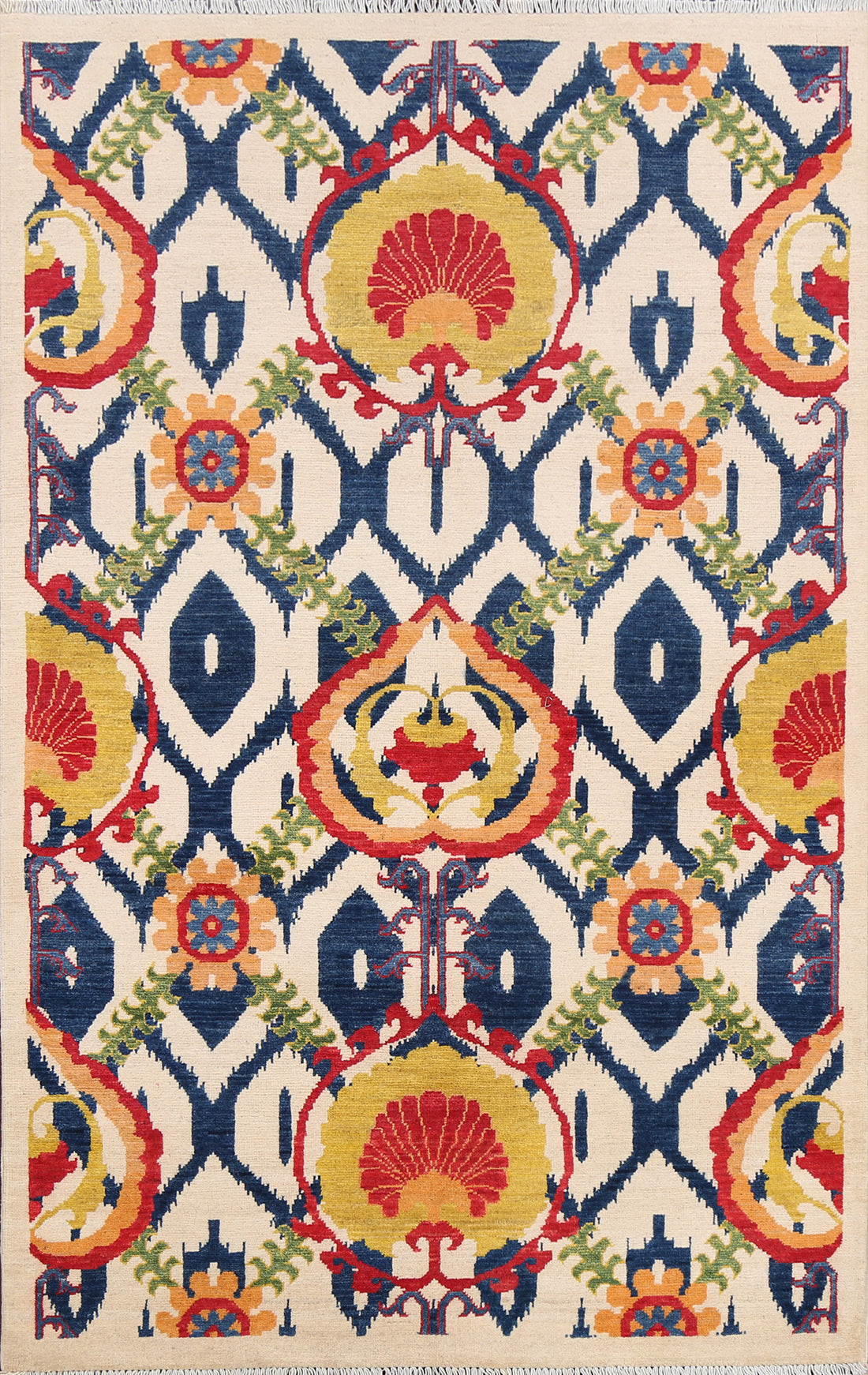 Vegetable Dye All-Over Floral Kazak Oriental Area Rug 4x6
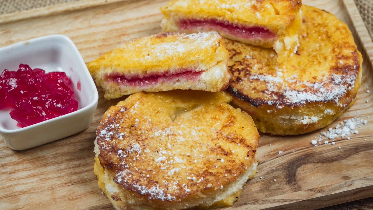 Jam Jelly Doughnut French Toast really is ridiculously easy to make. You simply make jam sandwiches out of rounds cut out from ordinary white bread, dip it in an egg mixture, cook until golden then dust with sugar. The only thing to remember is to make sure you don’t spread the jam all the way to the edge because otherwise when you are handling it the jam might ooze out.
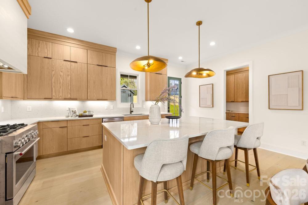 Stunning single family new build by KO Construction in vibrant Oakhurst, just minutes to Plaza Midwood, Cotswold and Uptown Charlotte. Step inside to an inviting open-concept floor plan graced by soaring 10-foot ceilings, abundant natural light, and elevated designer finishes throughout. Custom details abound, including shiplap-accented ceilings in the primary suite, intricate wall trim, elegant crown molding, and sophisticated lighting fixtures that elevate every room. The spacious great room impresses with custom built-in shelving featuring a cozy gas fireplace - ideal for gatherings year-round. A versatile main-level guest bedroom (or home office) with its own full bath offers privacy and convenience. Upstairs, retreat to a grand primary suite that’s a true showstopper: flooded with light, featuring a trey ceiling, expansive walk-in closet, and a spa-like en-suite bath with premium selections. Three additional bedrooms provide comfort, including two with private ensuite baths meticulously crafted with high-end designer touches. A large loft space serves as a flexible bonus area—perfect for a home office, playroom, media lounge, or gym. Outside, relax on the covered rear balcony overlooking a spacious, private backyard with a refurbished storage shed. This functional, modern layout combines timeless craftsmanship with contemporary style in one of Charlotte’s most sought-after intown locations. Minutes from the eclectic shops, restaurants, and nightlife of Plaza Midwood and Cotswold Village, with quick access to Uptown Charlotte via Independence Boulevard. Don’t miss this rare opportunity to own new construction on a third of an acre in an established, tree-lined neighborhood with charming appeal; all within a short drive to Cotswold Village shopping center.
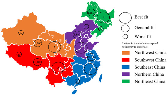 The climatic characteristics of dry and wet cycles in each division of China are inconsistent, and the requirements for the integrity of the mud skin of naturally weathered redbed soil are also different. The properties of the natural redbed soil in each region of China are similar (Cheng, 2004); therefore, it is necessary to formulate zoning and classification standards for improved materials, while determining the driving environmental factors. The north-west, north-east, and northern regions of China experience drought frequently, and the land is undergoing desertification; therefore, there is a great demand to improve the acid and alkali resistance of the mud skin in these regions. The construction and development efforts of South-West China are large; there are many engineering projects, and there is a great demand for the improvement of the compression resistance of mud skin in the region. Additionally, there are many slopes in South-East China, posing serious landslide risks; therefore, improving the skid resistance of the mud skin in this region can help reduce the risks to life and property [37]. Combined with the experimental study of the upper and lower limits of the nature of mud skin, we have suggested the restoration of the ecological environment in China based on the weathered redbed soil commonly found in the country; the classification of the properties of improved materials is shown in Figure 13.
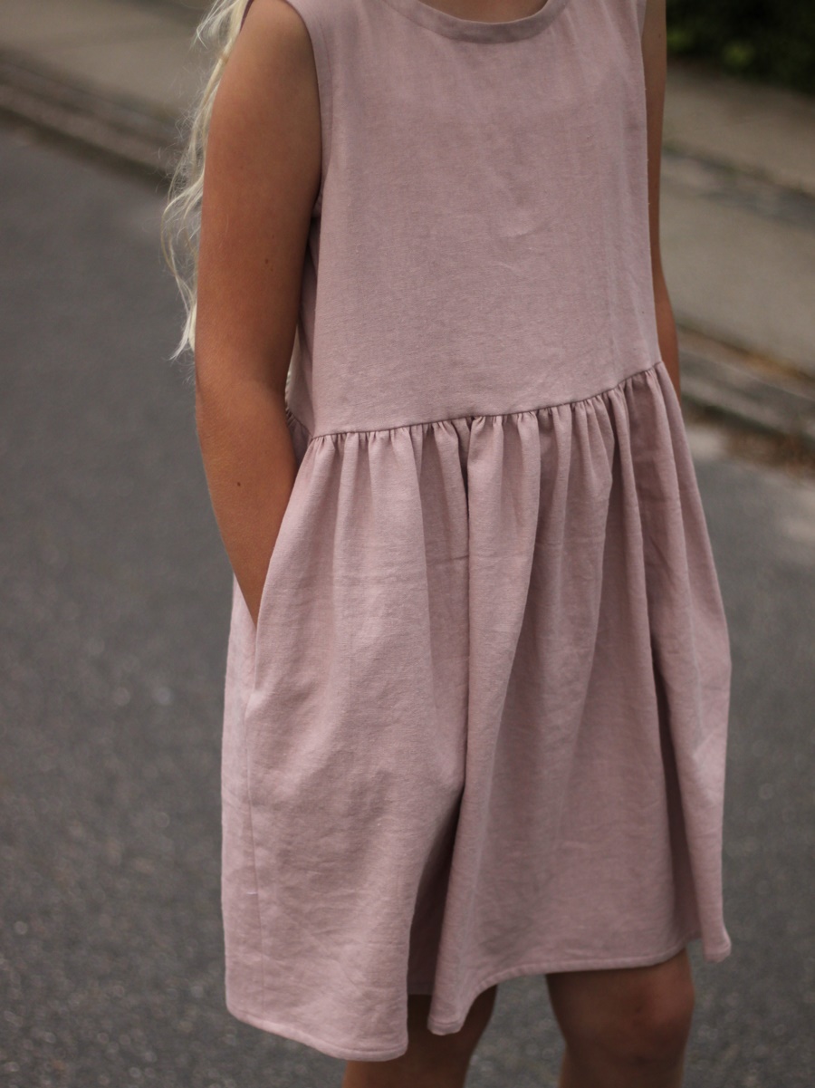 The dress version is actually a lengthened top with the original curved back hem and straight hem front piece with an added gathered skirt. The fabric is a woven crepe with a little stretch. I cut two back pieces as I was planning to make a tiny slit opening at the back neckline, but it turned out that no opening was needed - I can easily pull the dress over my head without (and I could have just cut the back on the fold with this woven version as well).
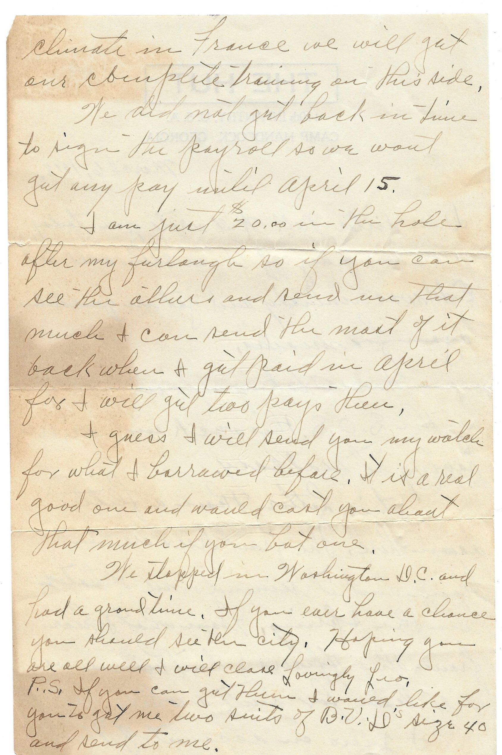 P.S. If you can get them I would like for you to get me two suits of B.V.D's size 40 and send to me."Collection
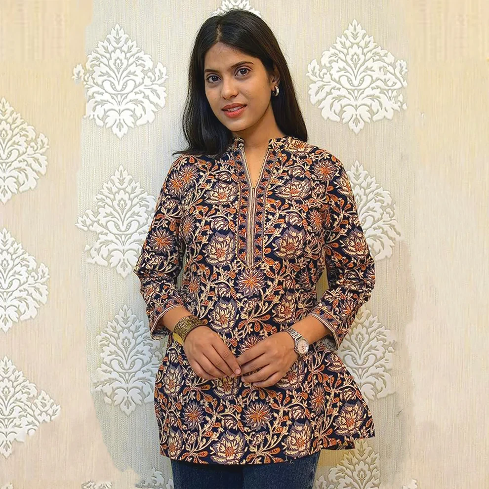 “Authentic printed top in beautiful Kalamkari design… printed on pure 100% cotton fabric.”
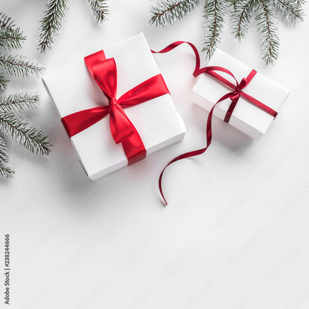 Creative frame made of Christmas fir branches on white paper background with red decoration, pine cones, gift boxes. Xmas and New Year theme. Flat lay, top view
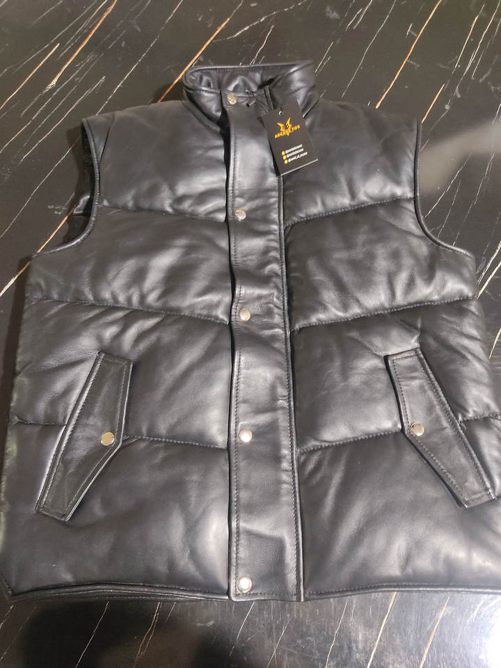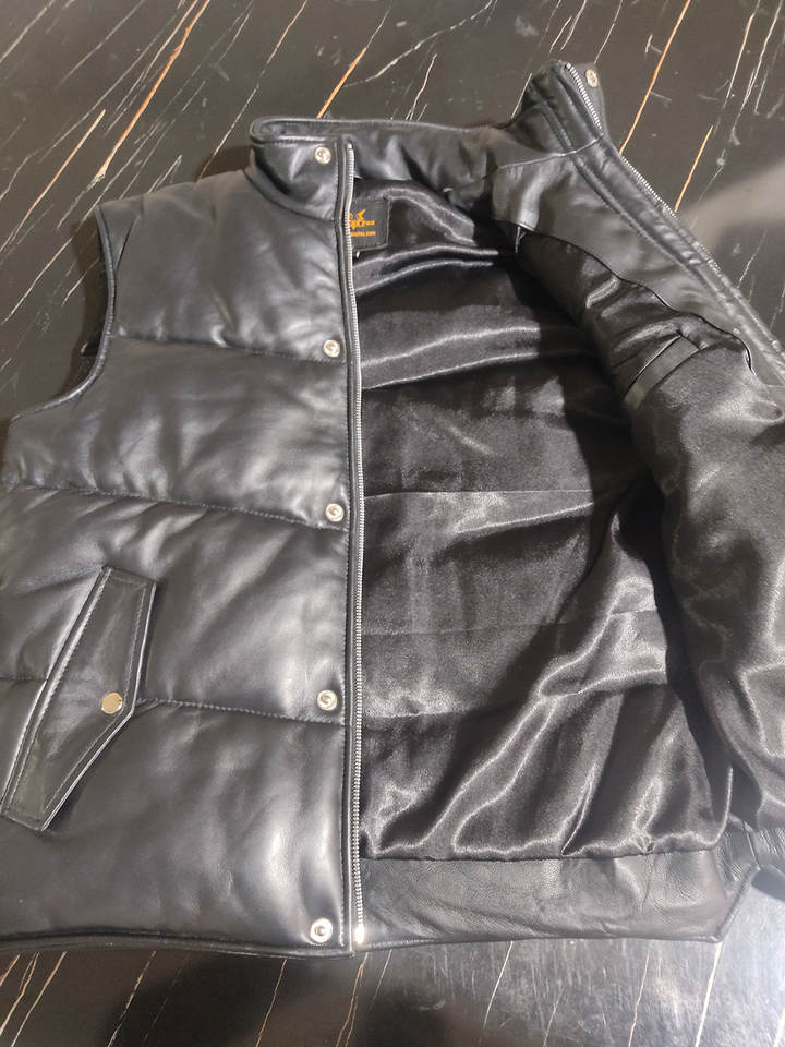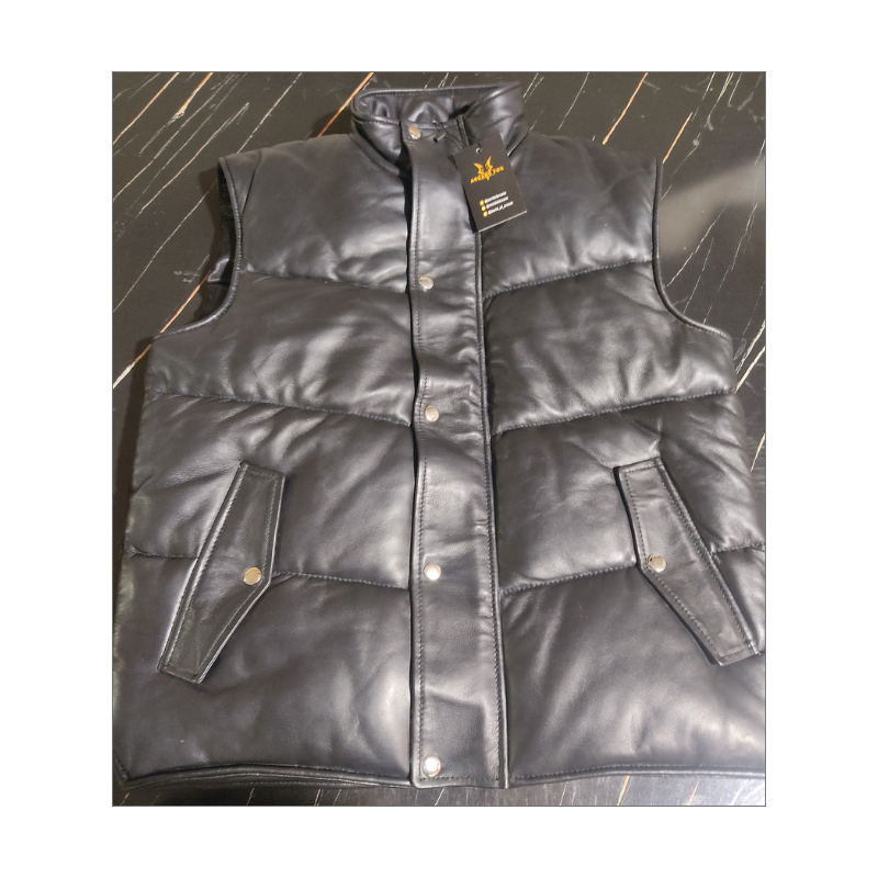 เสื้อกั๊กหนังแท้คุณภาพสูงสำหรับผู้ชาย สไตล์สตรีทแวร์ เสื้อกั๊กพัฟเฟอร์สำหรับฤดูหนาว สามารถปรับแต่งได้ เสื้อกั๊กหนังแกะสุดเท่

════════

Everything in the material except the pictures should be restated word for word.

Answer to this problem:
 Vegetable Dye All-Over Floral Kazak Oriental Area Rug 4x6
 Jam Jelly Doughnut French Toast really is ridiculously easy to make. You simply make jam sandwiches out of rounds cut out from ordinary white bread, dip it in an egg mixture, cook until golden then dust with sugar. The only thing to remember is to make sure you don’t spread the jam all the way to the edge because otherwise when you are handling it the jam might ooze out.
 Stunning single family new build by KO Construction in vibrant Oakhurst, just minutes to Plaza Midwood, Cotswold and Uptown Charlotte. Step inside to an inviting open-concept floor plan graced by soaring 10-foot ceilings, abundant natural light, and elevated designer finishes throughout. Custom details abound, including shiplap-accented ceilings in the primary suite, intricate wall trim, elegant crown molding, and sophisticated lighting fixtures that elevate every room. The spacious great room impresses with custom built-in shelving featuring a cozy gas fireplace - ideal for gatherings year-round. A versatile main-level guest bedroom (or home office) with its own full bath offers privacy and convenience. Upstairs, retreat to a grand primary suite that’s a true showstopper: flooded with light, featuring a trey ceiling, expansive walk-in closet, and a spa-like en-suite bath with premium selections. Three additional bedrooms provide comfort, including two with private ensuite baths meticulously crafted with high-end designer touches. A large loft space serves as a flexible bonus area—perfect for a home office, playroom, media lounge, or gym. Outside, relax on the covered rear balcony overlooking a spacious, private backyard with a refurbished storage shed. This functional, modern layout combines timeless craftsmanship with contemporary style in one of Charlotte’s most sought-after intown locations. Minutes from the eclectic shops, restaurants, and nightlife of Plaza Midwood and Cotswold Village, with quick access to Uptown Charlotte via Independence Boulevard. Don’t miss this rare opportunity to own new construction on a third of an acre in an established, tree-lined neighborhood with charming appeal; all within a short drive to Cotswold Village shopping center.
 The climatic characteristics of dry and wet cycles in each division of China are inconsistent, and the requirements for the integrity of the mud skin of naturally weathered redbed soil are also different. The properties of the natural redbed soil in each region of China are similar (Cheng, 2004); therefore, it is necessary to formulate zoning and classification standards for improved materials, while determining the driving environmental factors. The north-west, north-east, and northern regions of China experience drought frequently, and the land is undergoing desertification; therefore, there is a great demand to improve the acid and alkali resistance of the mud skin in these regions. The construction and development efforts of South-West China are large; there are many engineering projects, and there is a great demand for the improvement of the compression resistance of mud skin in the region. Additionally, there are many slopes in South-East China, posing serious landslide risks; therefore, improving the skid resistance of the mud skin in this region can help reduce the risks to life and property [37]. Combined with the experimental study of the upper and lower limits of the nature of mud skin, we have suggested the restoration of the ecological environment in China based on the weathered redbed soil commonly found in the country; the classification of the properties of improved materials is shown in Figure 13.
 The dress version is actually a lengthened top with the original curved back hem and straight hem front piece with an added gathered skirt. The fabric is a woven crepe with a little stretch. I cut two back pieces as I was planning to make a tiny slit opening at the back neckline, but it turned out that no opening was needed - I can easily pull the dress over my head without (and I could have just cut the back on the fold with this woven version as well).
 P.S. If you can get them I would like for you to get me two suits of B.V.D's size 40 and send to me."Collection
 “Authentic printed top in beautiful Kalamkari design… printed on pure 100% cotton fabric.”
 Creative frame made of Christmas fir branches on white paper background with red decoration, pine cones, gift boxes. Xmas and New Year theme. Flat lay, top view
 เสื้อกั๊กหนังแท้คุณภาพสูงสำหรับผู้ชาย สไตล์สตรีทแวร์ เสื้อกั๊กพัฟเฟอร์สำหรับฤดูหนาว สามารถปรับแต่งได้ เสื้อกั๊กหนังแกะสุดเท่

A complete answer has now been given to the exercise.